The use of data science and Artificial Intelligence (AI) is accelerating in the private insurance domain within the Dutch market. IG&H conducted interviews among six Dutch insurance companies and learned the investment in people and tooling and successful use cases are piling up in the private domain. In the corporate domain things are much more basic. This shouldn't be the case…


Corporate domain is way behind

The last couple of years Data Science really took off in the insurance market. Especially in the Front Office, with applications in Commercial Pricing, Next-best-actions and personalisation of the online user experience. Investments were made to define use cases, disclose data, test and scale. And above all, a lot was learned; how to find the right (scalable) use cases? What works and what does not work to deploy models into production? How to attract the right talent? How do we organise ourselves for success? The focus has been on the private domain and not on the corporate for several reasons; The private domain has larger volumes of customers and interactions; the data is more straightforward and there are more direct channels. To start, this is a logical choice. But this has caused an unintended imbalance. A round among large all-round insurers taught us that on average 70-80% of all data science effort is spend in the private domain (and within this, mostly on property). When we compare where Gross written premium (GWP) and profits come from this is almost a mirror image: 60-65% of GWP and 80% of profits* are from the corporate insurance products.

Dogmas to break through

Insurers and intermediaries are increasingly aware of this imbalance, but this is not yet resulting in larges shifts. For this to happen a number of dogma’s need to be disproven. We outline the five most important ones here:

In practice we clearly see that many expert judgments and assessments can be greatly enhanced, or replaced, by data science techniques. Also, the more strategic and tactical decisions, like segmentation and portfolio management uniquely benefit from a more data-driven, model-based approach.


Data science methods and tooling has progressed, and we have learned how to be successful despite lesser data availability, or lower volumes. On top of this, it is a myth that AI models are by definition black boxes. We have several techniques in our tool kit to expose the inner workings and explain the results of many different powerful algorithms.


“Especially disproving these dogmas can accelerate things. The combination of business hypotheses and data science can generate lots of value in the corporate domain. Compared to the private domain there is so much we can gain here.” Peter Zwikker, Manager Data & Analytics Centraal Beheer Bedrijven

Proven value

The IG&H Data & Analytics team has experienced with clients how AI can bring enormous performance improvements in complex, corporate domains. Here below is one of the examples.

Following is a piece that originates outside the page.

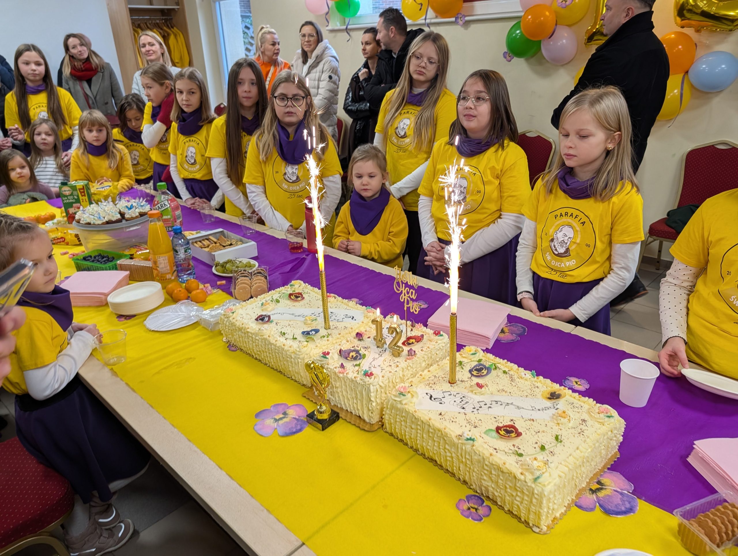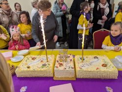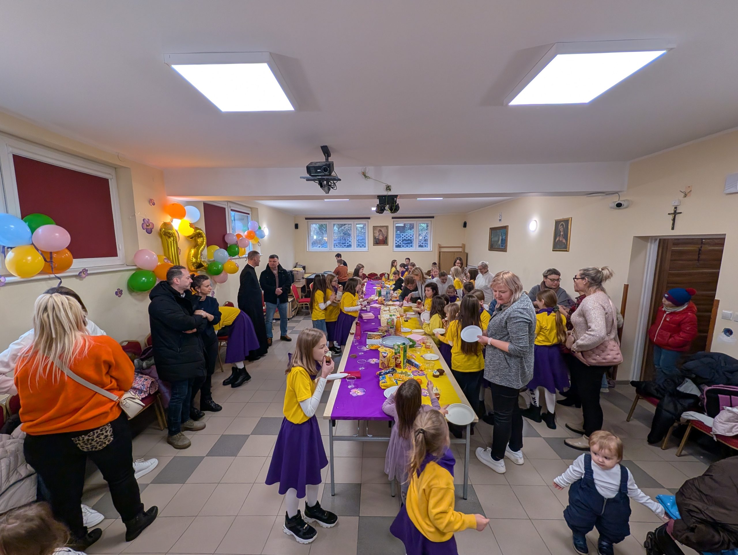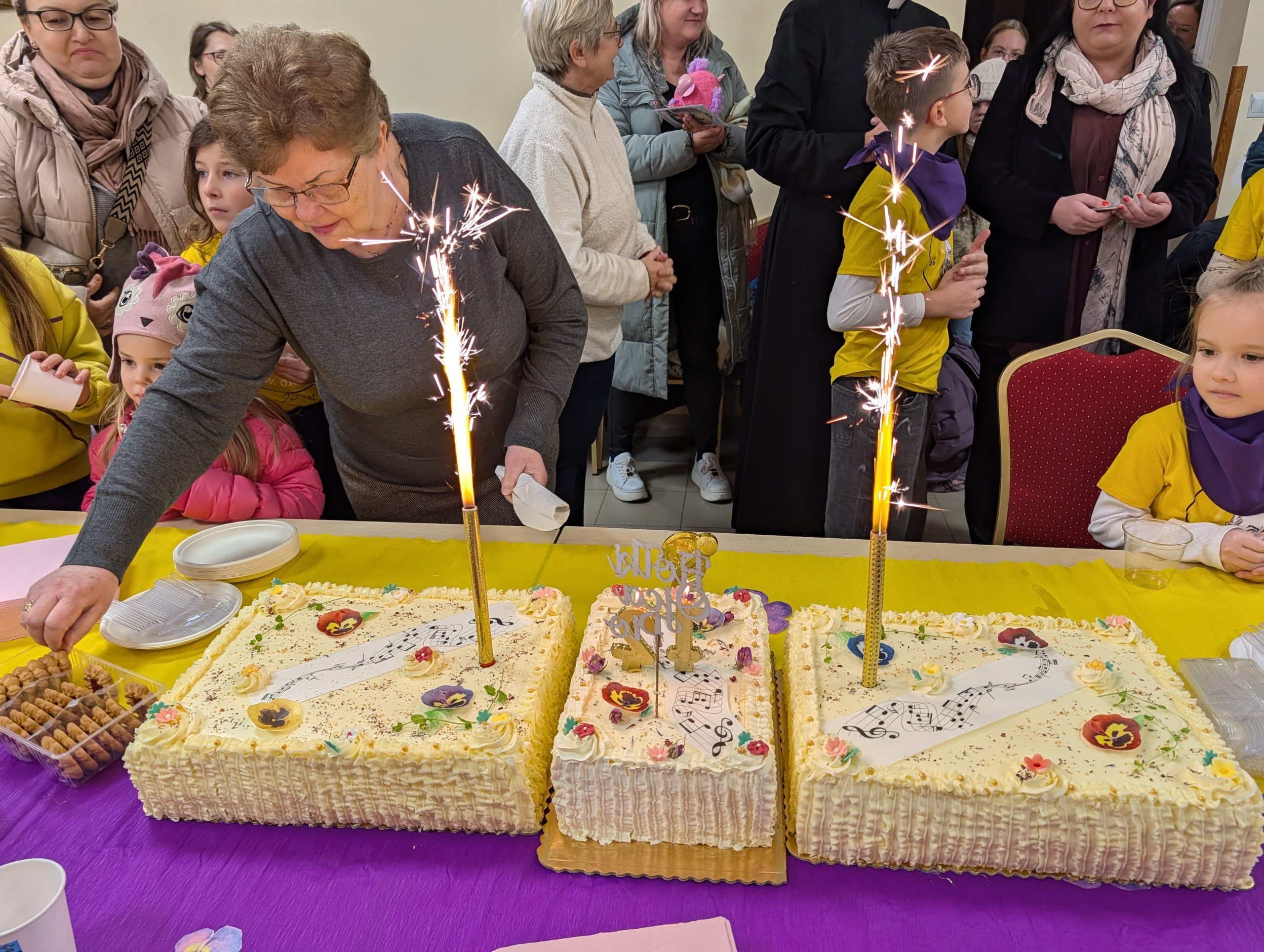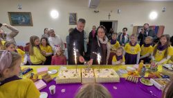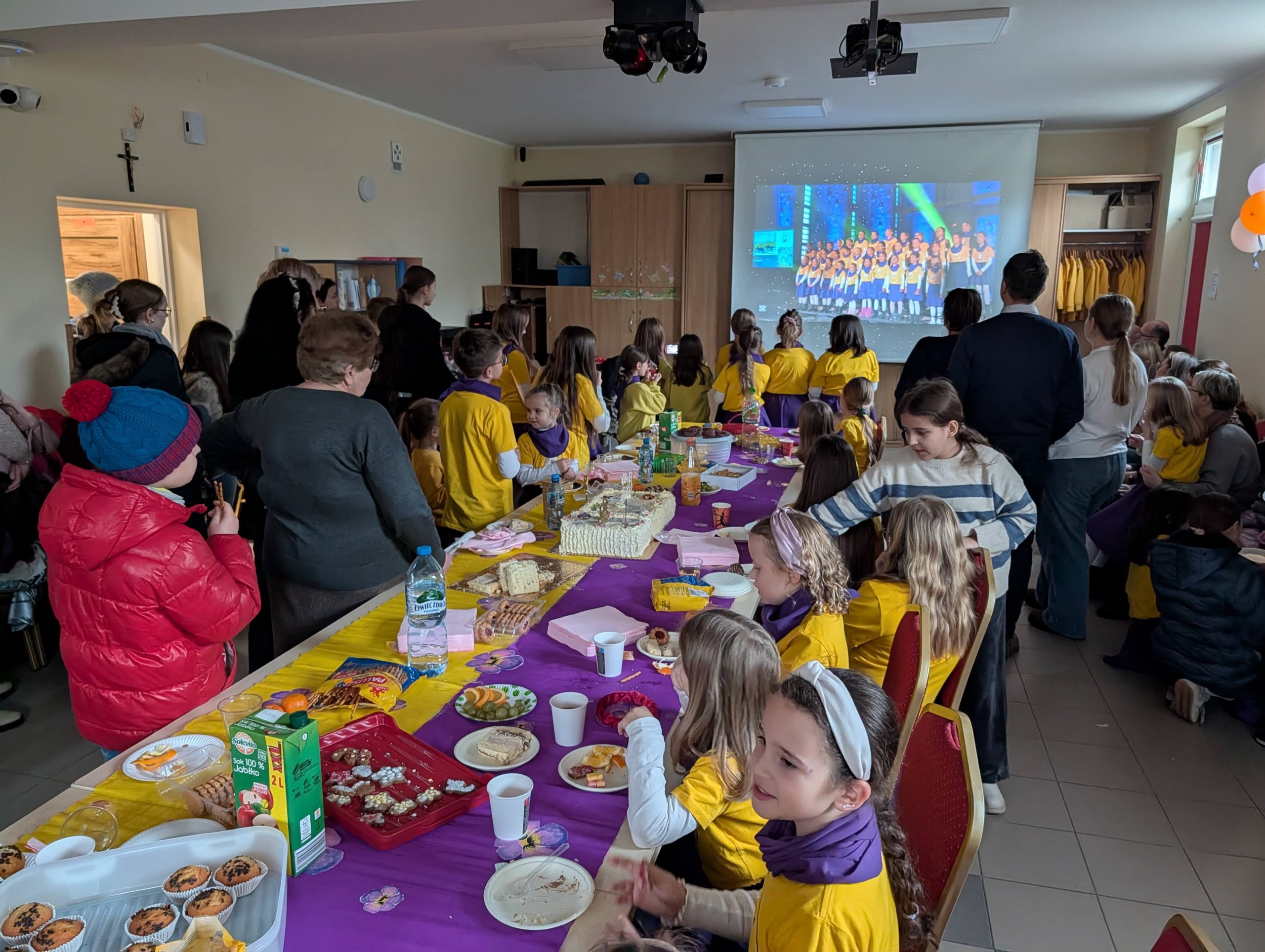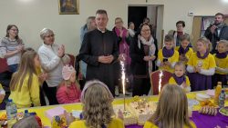 Po Mszy w domu parafialnym zgromadziliśmy się na prawdziwe świętowanie — był ogromny tort, radosne rozmowy, mnóstwo uśmiechów, a także wspomnienia uchwycone na ekranie: film o działalności Fiołków w ostatnich latach przywrócił wiele pięknych chwil i pokazał, ile dobra i zaangażowania kryje się w tej dziecięco-młodzieżowej wspólnocie.

A market leader in corporate credit wanted to make it credit processes more efficient, agile and more consistent. This incumbent also wanted to be more ready to compete with the new, fintech competitors. We used AI to implement a new decision model that reduced manual expert judgments in the risk review process by ~80%. The model has learned from examples provided by experts to assess the need for a manual review. A low score means the case will no longer be looked at by specialists.


The lack of historical data was overcome through pragmatic workarounds. By using some new techniques, the model is very transparent. On top of this, specialists and managers can monitor their portfolio more frequently and consume many new insights in an interactive dashboard.


This model is the first of several we are building, and this one model already frees up ~6 FTE of specialist capacity. This capacity can be allocated to new business and to support clients with more complex risks. The estimated return on investment of this first project to be within 2 years is also very agreeable.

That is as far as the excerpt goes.